▶ EXERCISE OBJECTIVE: Every word in the data below belongs in your copy, exactly as given; the pictures do not.

▶ Source data:
- - -

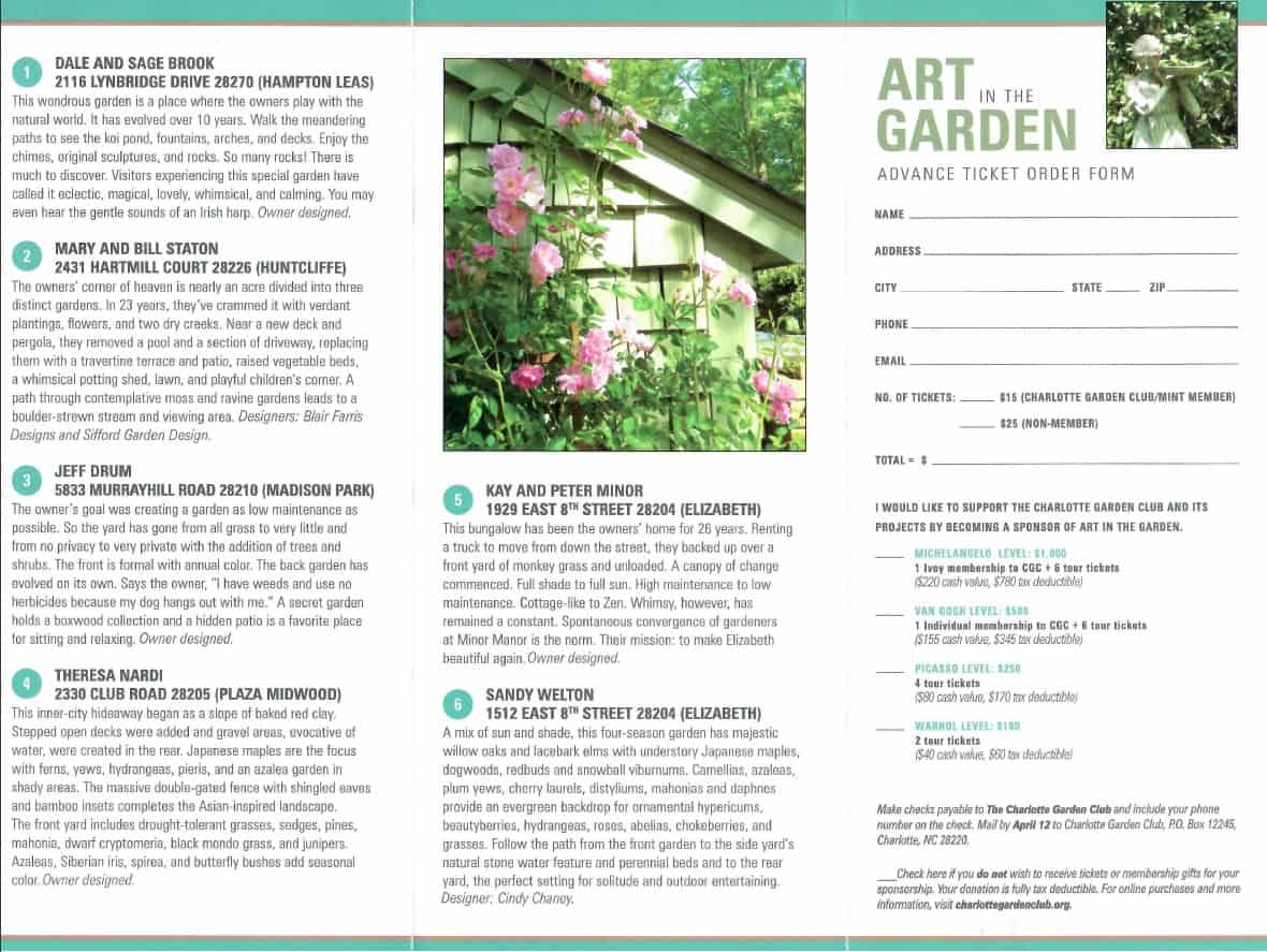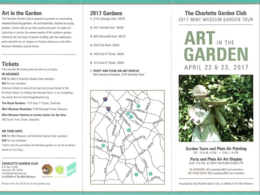 Art in the Garden The 2017 Art in the Garden Tour May 1, 2017 February 22, 2026 The 2017 Tour Brochure Click an Image to View Full Size Brochure, Page 1 Brochure, Page 2 2015-2016 Program Schedule 2016-2017 Program Schedule
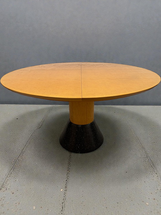 The Balance is a practical round table with a timeless design. The Balance can be used as both a dining table and a conference table. This designer table has a round top supported by a robust column. This design ensures ample legroom under the table. Diameter: 130 cm. With the intermediate top, the table is 190 cm wide. Height: 73 cm. This Balance table has both the column and the top made of maple wood.
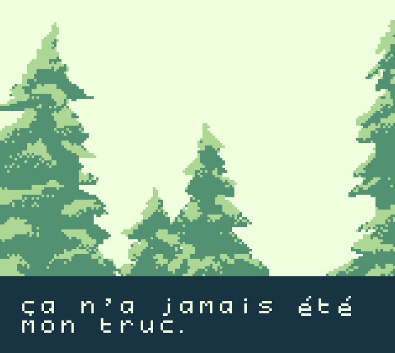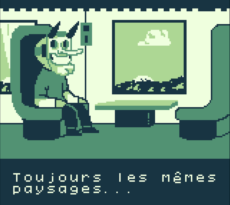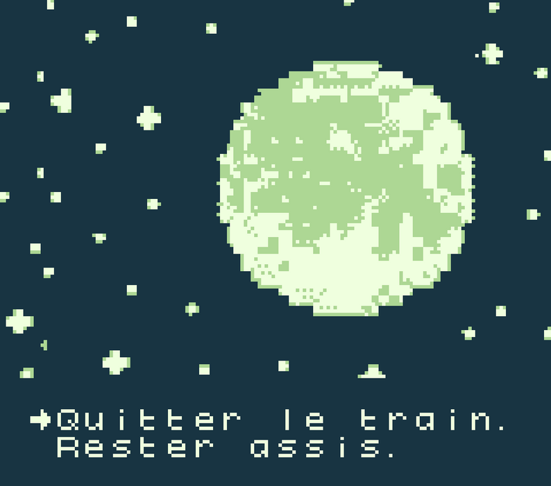In this introspective story for GameBoy, the player is immersed in the thoughts of a protagonist during a train journey. Through the landscapes, memories are brought back to life and a dialogue with oneself is established.
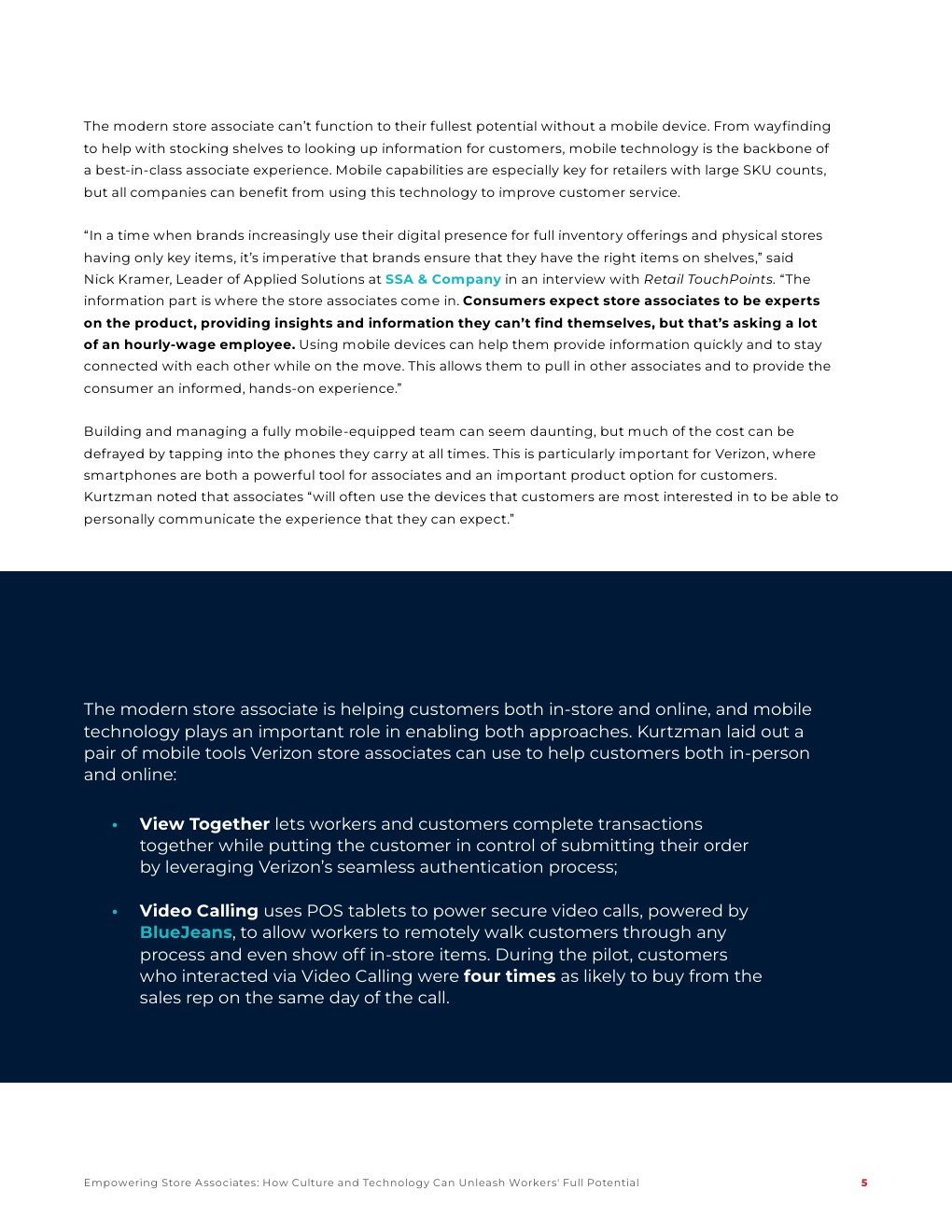 将移动工具整合到工作中:员工将自己的电脑放在口袋里。学会利用这些设备的力量,以及更专业的移动工具,可以激活无缝的跨渠道客户体验。
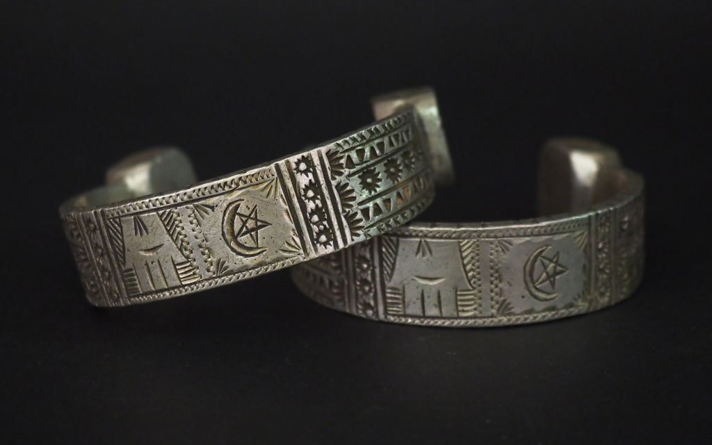 Paire de chevillères Afrique du Nord en argent, à décor de motifs géométriques et croissant de lune. Poids. 470 g
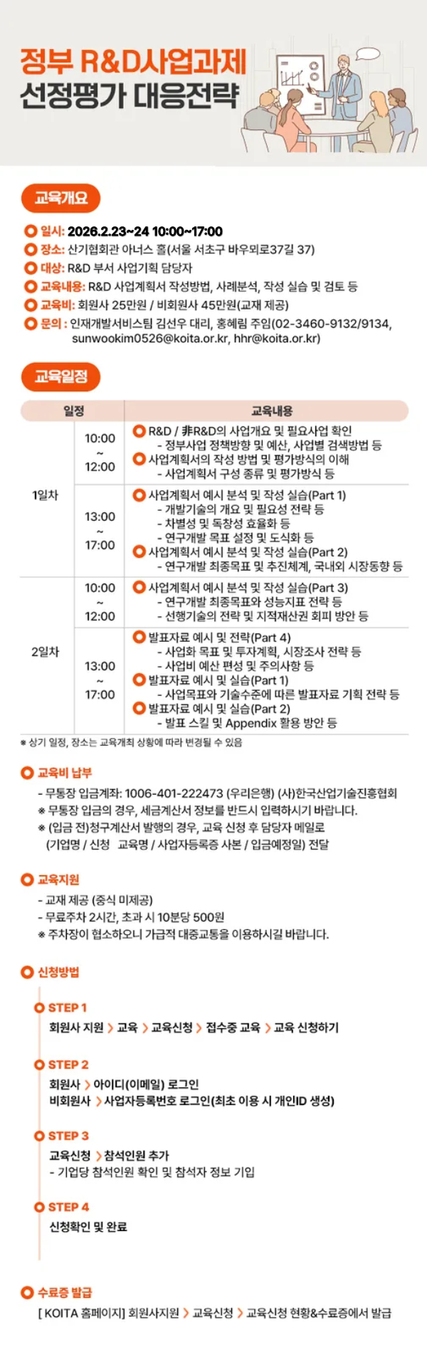 | 내용 | 안녕하세요. 교육강사는 본회 "AI 실습으로 완성하는 맞춤형 R&D 정부사업 사업계획서" 및 "AI를 활용한 R&D 사업계획서 전략 가이드" 교육과 동일합니다. 이 부분 참고하여 주시기 바랍니다. 아울러 2026년 정부 R&D사업 신청예정 기업을 대상으로 교육합니다. 그 외 목적(컨설팅 등)으로의 참가는 양해하여 주시기 바랍니다. ※ 본 교육은 2026년 초 마지막 교육으로 추가 개최는 없습니다.

- - -

▶ RESULT OF THIS TASK:
 Art in the Garden The 2017 Art in the Garden Tour May 1, 2017 February 22, 2026 The 2017 Tour Brochure Click an Image to View Full Size Brochure, Page 1 Brochure, Page 2 2015-2016 Program Schedule 2016-2017 Program Schedule
 The Balance is a practical round table with a timeless design. The Balance can be used as both a dining table and a conference table. This designer table has a round top supported by a robust column. This design ensures ample legroom under the table. Diameter: 130 cm. With the intermediate top, the table is 190 cm wide. Height: 73 cm. This Balance table has both the column and the top made of maple wood.
In this introspective story for GameBoy, the player is immersed in the thoughts of a protagonist during a train journey. Through the landscapes, memories are brought back to life and a dialogue with oneself is established.
 将移动工具整合到工作中:员工将自己的电脑放在口袋里。学会利用这些设备的力量,以及更专业的移动工具,可以激活无缝的跨渠道客户体验。
 Paire de chevillères Afrique du Nord en argent, à décor de motifs géométriques et croissant de lune. Poids. 470 g
 | 내용 | 안녕하세요. 교육강사는 본회 "AI 실습으로 완성하는 맞춤형 R&D 정부사업 사업계획서" 및 "AI를 활용한 R&D 사업계획서 전략 가이드" 교육과 동일합니다. 이 부분 참고하여 주시기 바랍니다. 아울러 2026년 정부 R&D사업 신청예정 기업을 대상으로 교육합니다. 그 외 목적(컨설팅 등)으로의 참가는 양해하여 주시기 바랍니다. ※ 본 교육은 2026년 초 마지막 교육으로 추가 개최는 없습니다.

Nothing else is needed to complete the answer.